I don't see why my money should be used by others for their investment. Then they limit how I used my money when it matures. 

Screw that, it's my money, I'll do what I like with it. 

We have other investments. 

Our house is one, with the plot size, location and the sq ft. It'll be worth a fortune by the time I'm ready to sell it. 

The quicker we get the mortgage paid, the quicker it starts making me money. 

I know by overpaying, I'm not only reducing my mortgage by that amount but saving 20+ years of compound interest. If we offset, we would have access to our savings still but still save that amount of interest. If you offset AND overpay, you get both. 

Savings at your mortgage rate, compounded. 

It makes your money work harder for you.

And you benefit not someone else. The lender actually gets less.


----------



## mba (Jun 17, 2006)

Excellent advice guys appreciate it 

Agree Rich you cant give proper advice without knowing all of my background and if i put that all down its a pretty boring read :lol:

I have already paid into 7 years of a Council pension scheme which is now frozen and i expect will remain there for a little while but i will get IFA on that.

I currently joint own/mortgaged 2 rental properties 50:50 with my brother and as time goes by we are looking to expand on that through collateral in the house - these are low value properties where we get a low LTV so our exposure is limited 

I have readily accessibile cash ISA with about 4 months salary in it and 1 Stock ISA with £5.5k in it which is in effect my savings.

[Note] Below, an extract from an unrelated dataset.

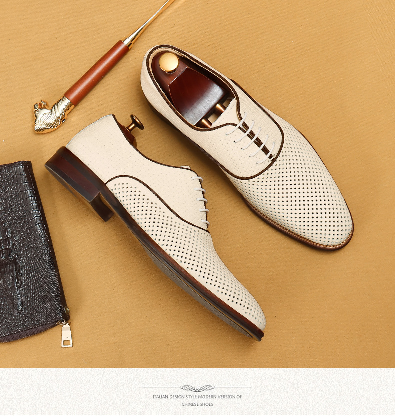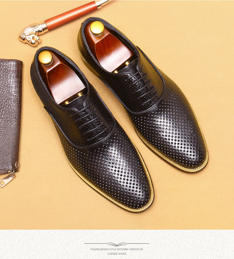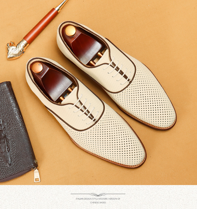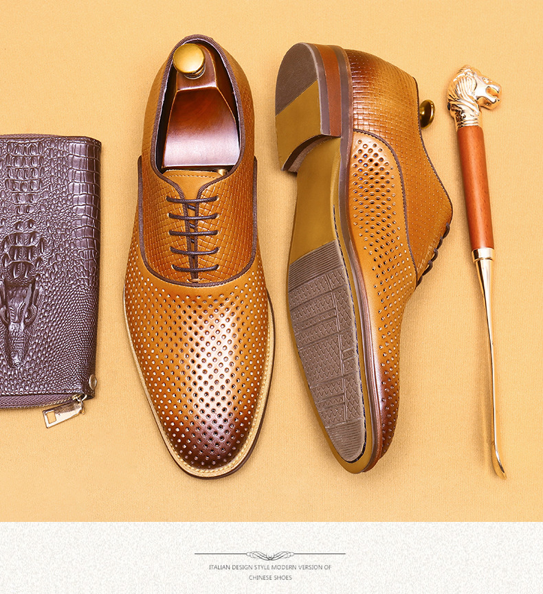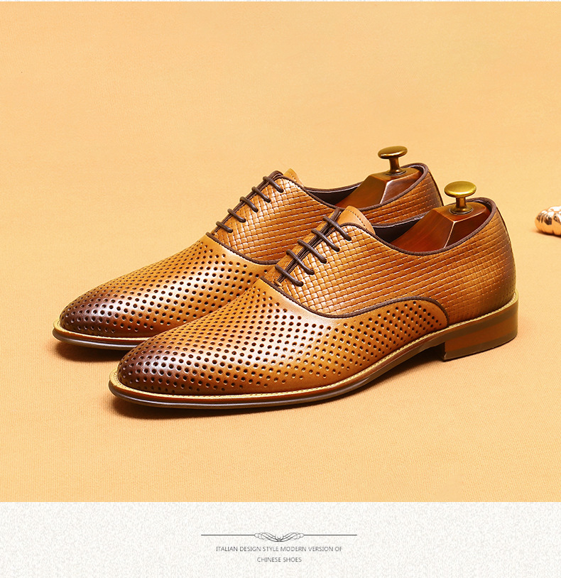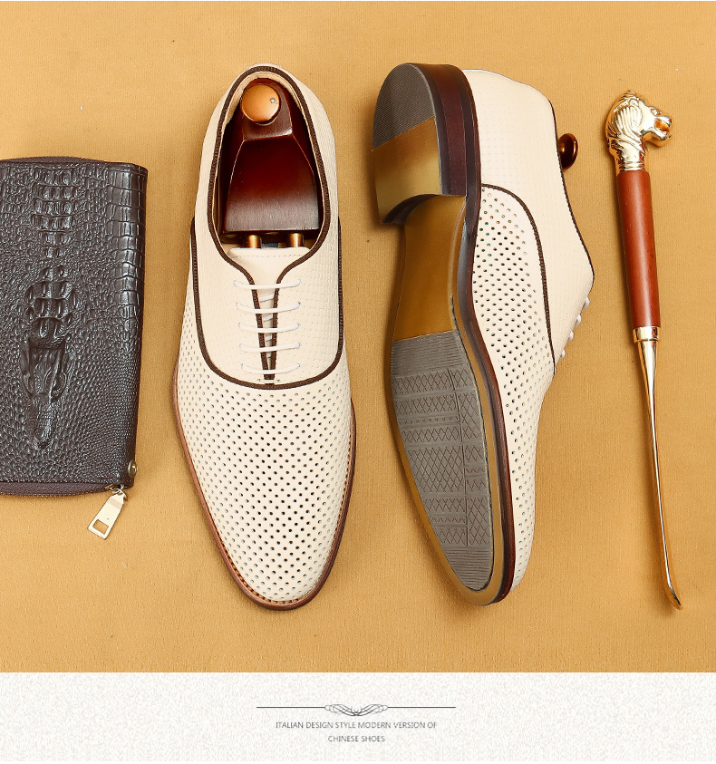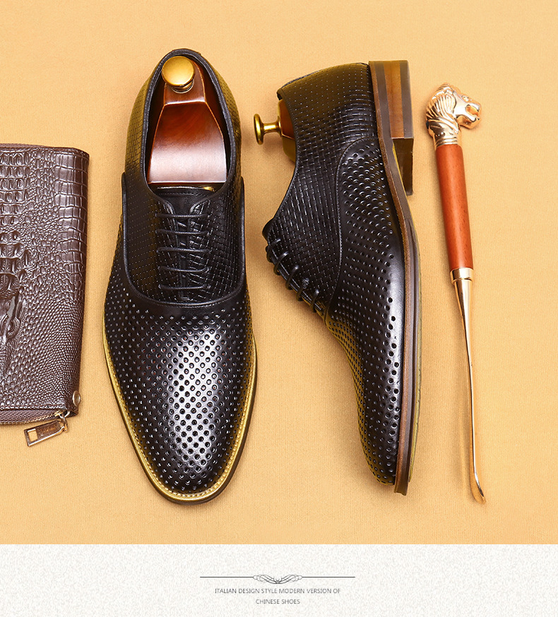 Giày da thật dành cho nam, thiết kế kiểu Oxford với mũi nhọn thanh lịch, phù hợp cho văn phòng hoặc dùng hằng ngày. Điểm nổi bật là phần trên làm từ da bò tự nhiên, kết hợp các chi tiết khoét lỗ tinh tế giúp không khí lưu thông tốt, mang lại cảm giác thoáng mát, dễ chịu cho đôi chân trong những ngày hè. Có thể phối hợp với nhiều loại trang phục khác nhau, từ quần âu cho đến quần vải thông thường. | Tên sản phẩm: Giày Da Nam Chất Liệu Da Bò Mũi Nhọn Thoáng Khí Hàng Mùa Hè - Giày Dép Nam | Mã sản phẩm: A9277 - Giá: 2.600.000đ | Mã nhà sản xuất: SHERAW-G06Hình ảnh sản phẩm

My wife is a teacher and has been for 8 years so job security/wages are better than mine by a good way and she pays the mortgage while i pay the rest of the house bills (thats just how we work).

I am currently taking the stance of not factoring in inheritance into my plan, no grandparents left but do have a mum and dad, but i do not want to be dependent on something that is not mine if that makes sense. 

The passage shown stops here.